> TASK BRIEF: After dropping the pictures, give again exactly the lines of the data from its first line through the line with "九牧健康編織管,8股304不銹鋼加密編織,光滑不扎手,安全更防爆,鉻色外觀", which is included as well.

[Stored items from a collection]
:::::

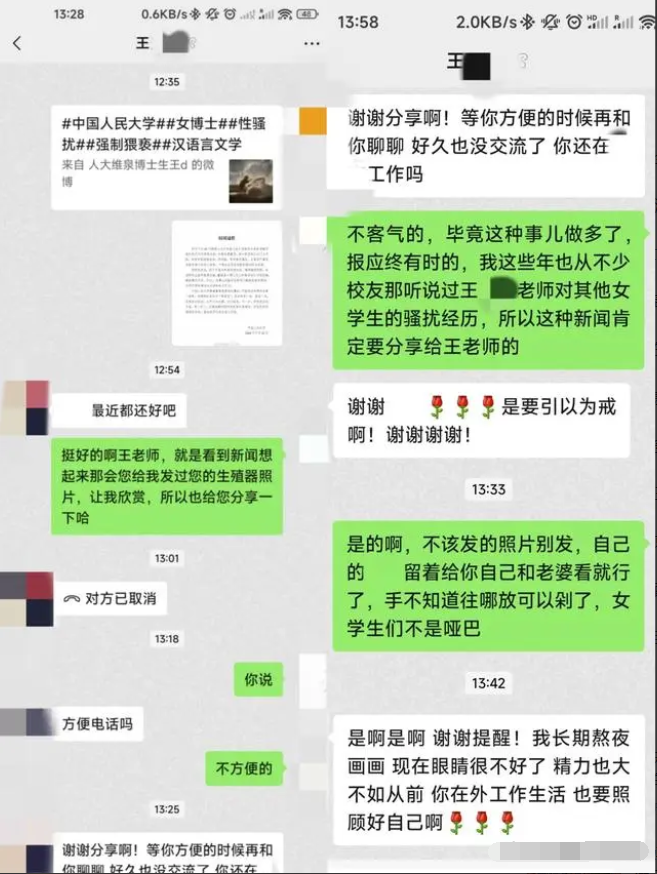 这些大学教授到底是怎么了?那个学生看到中国人民大学迅速处理了王贵元的事,所以才把这件性骚扰的事情曝光出来的。
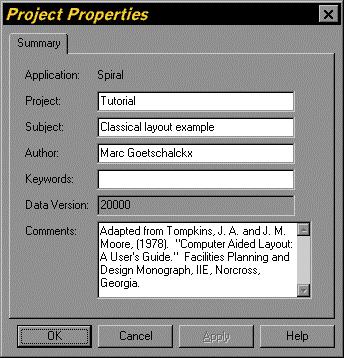 The project title and other project information can be changed with the Properties command of the File menu. The properties of the tutorial project are illustrated in Figure 2.6.
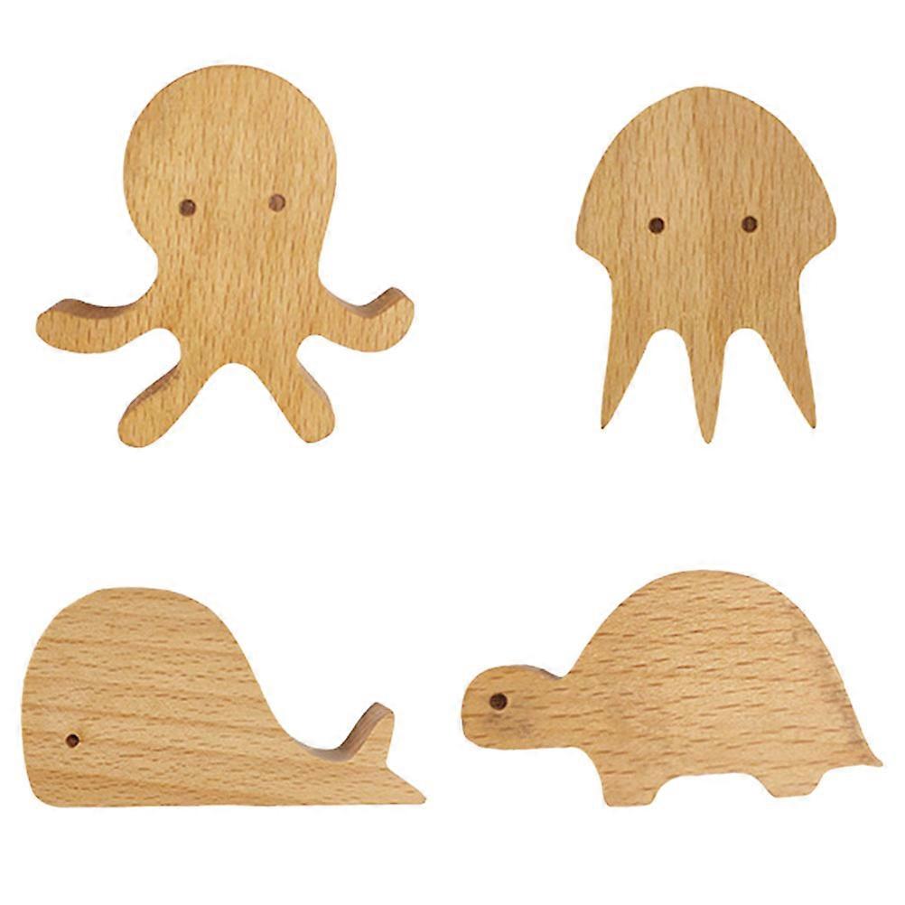 Modern Coat Hooks Coat Hooks Wall Mounted Wooden Polished Cartoon Marine Animal Design Study 6.5X6X3.5CM Organizer 4Pcs
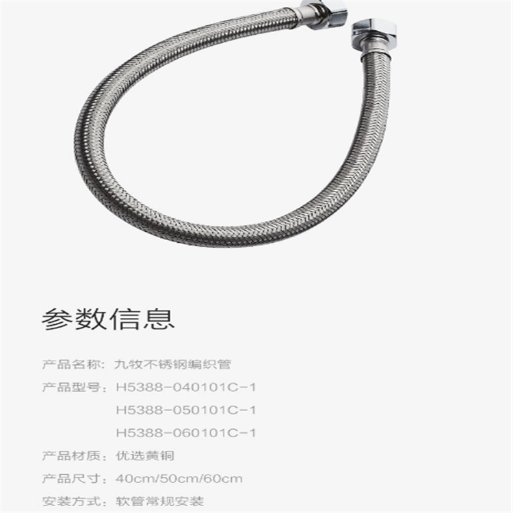 九牧健康編織管,8股304不銹鋼加密編織,光滑不扎手,安全更防爆,鉻色外觀
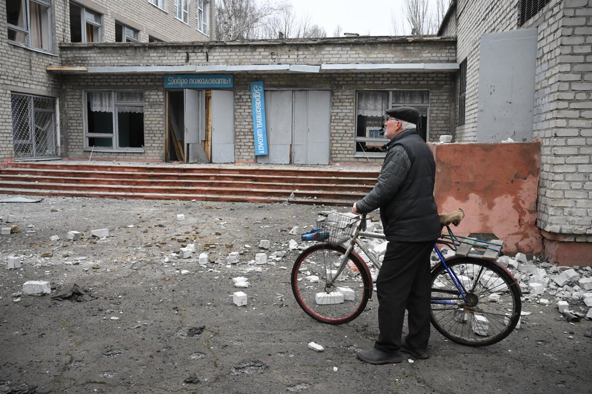 Un hombre mira las ruinas de un colegio en Donetsk en el segundo día de la invasión rusa. - Ilya Pitalev/Sputnik
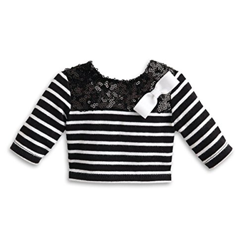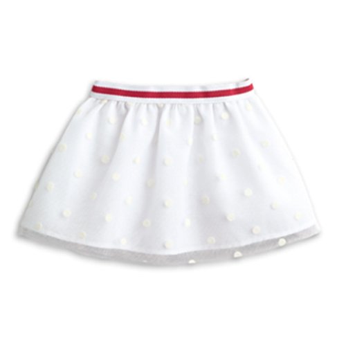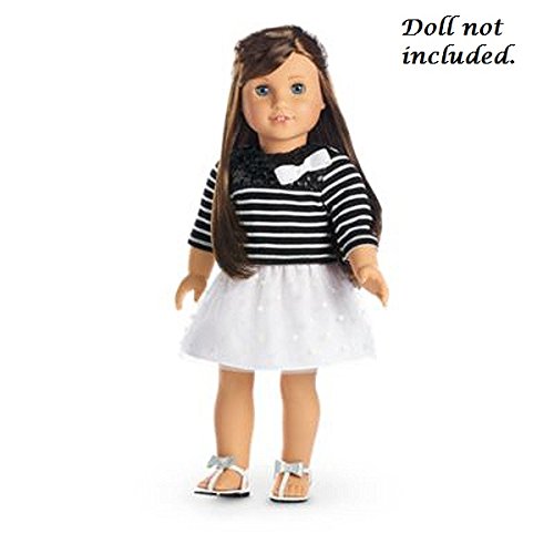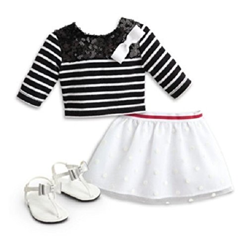 Grace is ready to see the sights in Paris! This French-inspired outfit features: A striped tee with three-quarter sleeves, sequin embellishments, and a pretty white bow at one shoulder A full white skirt with a layer of polka-dot mesh Strappy white sandals with silvery bows
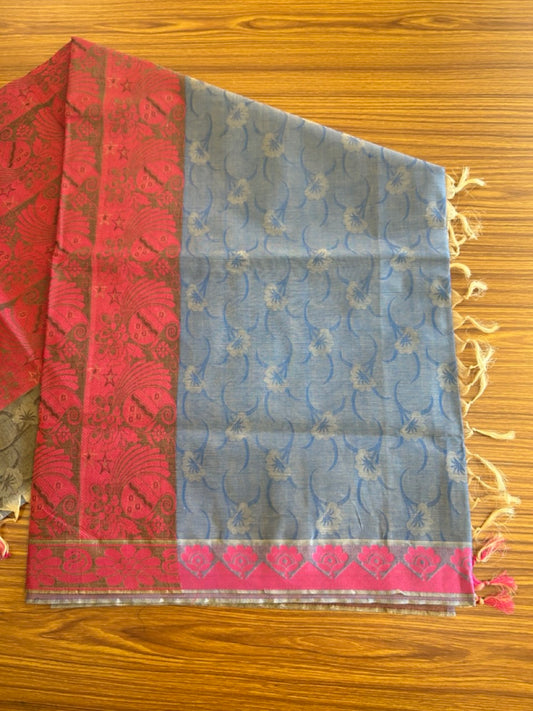 Kerala Colour Cotton Saree - Ash Blue Cream & Magenta Mango Design Kara - Kaitharikada - 5KK1007RJT
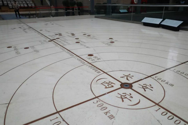 ▲ 大厅地面装饰,盛世大唐向周边辐射,远处的点是西域诸国的坐标
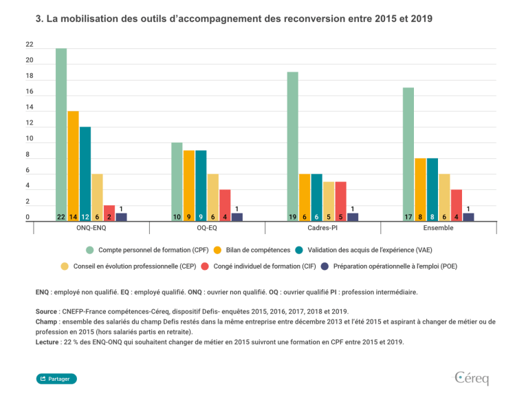 Entre 2015 et 2019, le taux de recours au CPF le plus important s’observe pour eux : 22 % contre 10 % des ouvriers et employés qualifiés. Or, avant la monétisation du CPF par la loi du 5 septembre 2018, le plafond de 150 heures prévu pour les salariés à temps plein continûment employés, au bout de huit ans, a représenté un niveau bien modeste pour entreprendre une reconversion sans moyen complémentaire. Si le CPF finance des formations plutôt courtes, la tendance s’inverse avec le CIF2, qui est la pierre angulaire d’une vision qui lie formation, promotion et mobilité sociale. Celui-ci a la particularité de permettre au salarié de suivre une formation de son choix sur le temps de travail, en conservant son poste ainsi que sa rémunération sur une durée d’un an, voire plus, selon les accords de branche. Mais seulement 2 % des ENQ-ONQ en ont bénéficié. C’est pourtant pour eux que de longues formations sont appelées à jouer un rôle central.
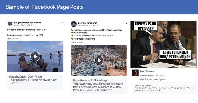Facebook has offered a few examples of what the “troll factory” was sharing on its network. The content ranges from overt political memes to anodyne photographs of life in Russian cities and stories about ordinary Russians. The list of deleted pages includes “Spicy Blogger,” “Politiach,” “RuOpen — Open Russia,” “Elitism,” “The Petersburg Herald,” “The Moscow Herald,” “The Nizhny Novgorod Herald,” “The Krasnoyarsk Herald,” “Elections 2018,” “Tourism in Russia,” “World Politics,” and others. All these pages have now been removed from Facebook.

:::::

> RESULT OF THE TASK:
 这些大学教授到底是怎么了?那个学生看到中国人民大学迅速处理了王贵元的事,所以才把这件性骚扰的事情曝光出来的。
 The project title and other project information can be changed with the Properties command of the File menu. The properties of the tutorial project are illustrated in Figure 2.6.
 Modern Coat Hooks Coat Hooks Wall Mounted Wooden Polished Cartoon Marine Animal Design Study 6.5X6X3.5CM Organizer 4Pcs
 九牧健康編織管,8股304不銹鋼加密編織,光滑不扎手,安全更防爆,鉻色外觀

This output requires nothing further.